**PROBLEM REQUIREMENTS**
Only the lines from the one containing "Glazed colored hand" through the end of the data are wanted, reproduced exactly and without pictures.

**SUPPLIED INFORMATION**
..........

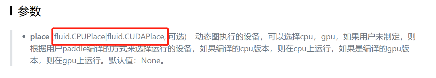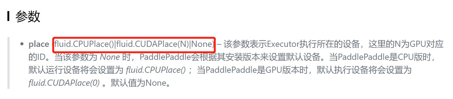 参数的说明如下图所示:没有说清楚fluid.CPUPlace
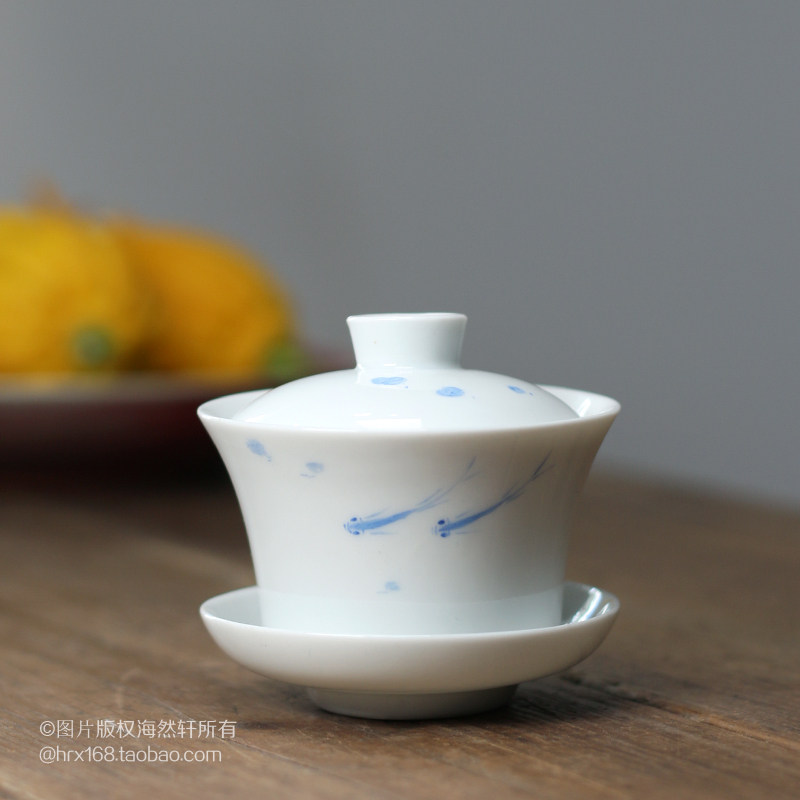 Glazed colored hand - drawn cock cup Three - talent cup Ceramic tea bowl Kung fu tea set mini - small mark
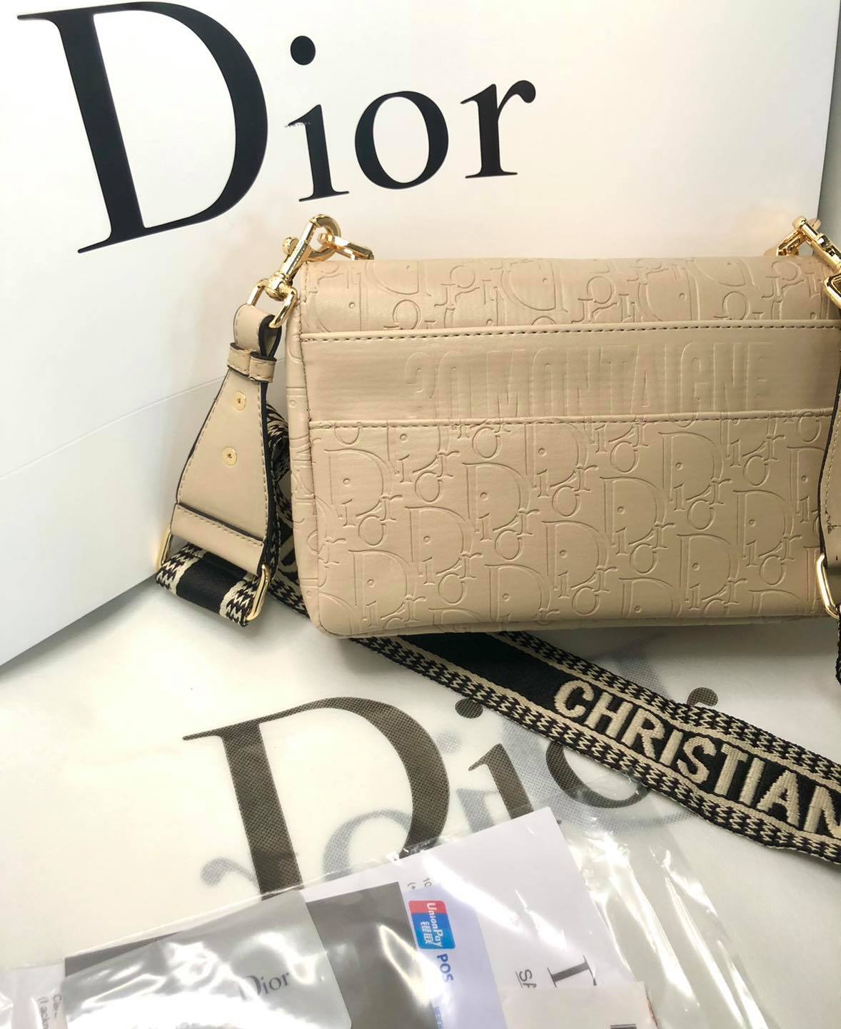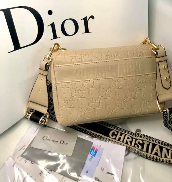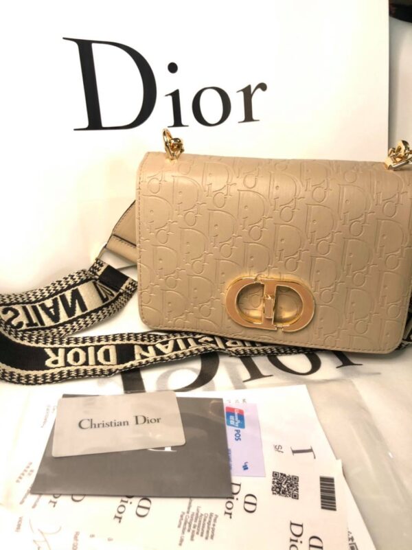 Αυτή η τσάντα είναι κατασκευασμένη σε μπεζ δέρμα αποτυπωμένο με υφή Microcannage για κομψή και διαχρονική εμφάνιση. Διακοσμημένη με μεταλλικό κούμπωμα από «χρυσό» φινίρισμα, εμπνευσμένο από τη σφραγίδα μιας φιάλης Christian Dior. Οι εκλεπτυσμένες λεπτομέρειες, όπως μια ανάγλυφη υπογραφή «30 Montaigne» στο πίσω μέρος, τονίζουν το κομψό σχέδιο.

..........

**ANSWER TO THIS TASK**
 Glazed colored hand - drawn cock cup Three - talent cup Ceramic tea bowl Kung fu tea set mini - small mark
 Αυτή η τσάντα είναι κατασκευασμένη σε μπεζ δέρμα αποτυπωμένο με υφή Microcannage για κομψή και διαχρονική εμφάνιση. Διακοσμημένη με μεταλλικό κούμπωμα από «χρυσό» φινίρισμα, εμπνευσμένο από τη σφραγίδα μιας φιάλης Christian Dior. Οι εκλεπτυσμένες λεπτομέρειες, όπως μια ανάγλυφη υπογραφή «30 Montaigne» στο πίσω μέρος, τονίζουν το κομψό σχέδιο.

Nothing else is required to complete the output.